Being able to predict the fluid dynamics of expiratory events is crucial to design effective mitigation strategies to make indoor spaces infection resilient. We reproduce a realistic size distribution of the particles we expire, using a methodology that allows us to track every one of them individually in space and time without making any pre-assumption on its behaviour. The study of the effect of thermal stratification showcases and quantifies how these particles have distinct behaviours depending on their size and the environmental conditions. Our work shows that temperature gradients that are acceptable from a thermal comfort perspective may be unacceptable from a cross-infection perspective, highlighting the critical role that the selection of a ventilation strategy may play in mitigating airborne pathogen spread indoors. Visualizing these phenomena is in itself important to provide the general public and decisions makers with tools to understand better phenomena that are not always intuitive.

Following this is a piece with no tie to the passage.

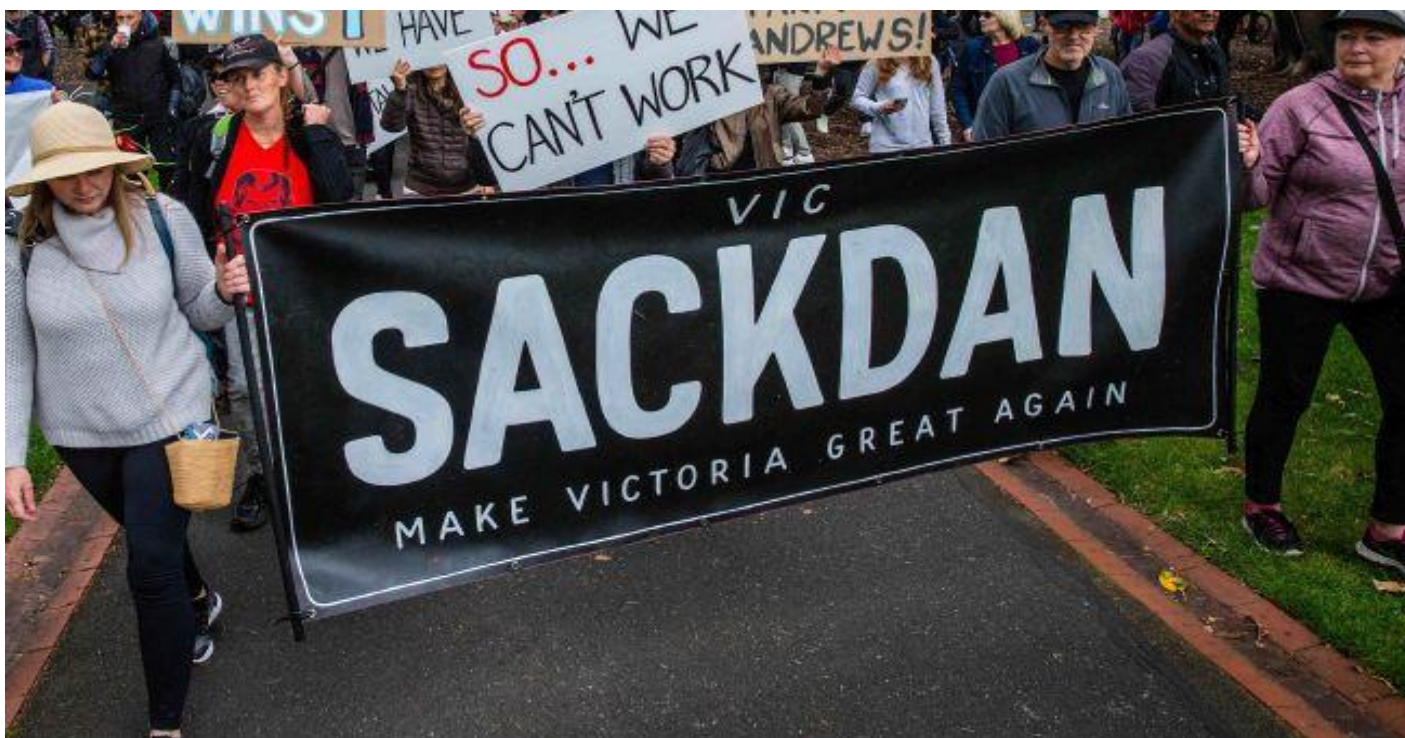
Above: Anti-lockdown protestors in Victoria demand the sacking of Premier Dan Andrews.

(Article sourced from www.redfireonline.com )

I believe that the fundamental value of this work is to introduce a tool that allows us to consider the fate of expiratory particles individually, not as a uniform cloud. We started investigating a phenomenon, thermal stratification, where the impact of the environmental conditions on the different size fractions is of essence. There are many more situations in which the discrete nature of the expiratory particles is critical to the understanding of the underlying phenomena and the design of mitigation strategies and we will pursue this line of research. We are particularly interested in investigating in detail ventilation effects. This is also the first journal paper by my student Aleksandra Monka and is well-deserved recognition to her outstanding work.

Bruño Fraga
University of Birmingham

Read the Original

This page is a summary of: Influence of thermal stratification on the transport of polydispersed expiratory particles, Physics of Fluids, October 2023, American Institute of Physics, DOI: 10.1063/5.0163971.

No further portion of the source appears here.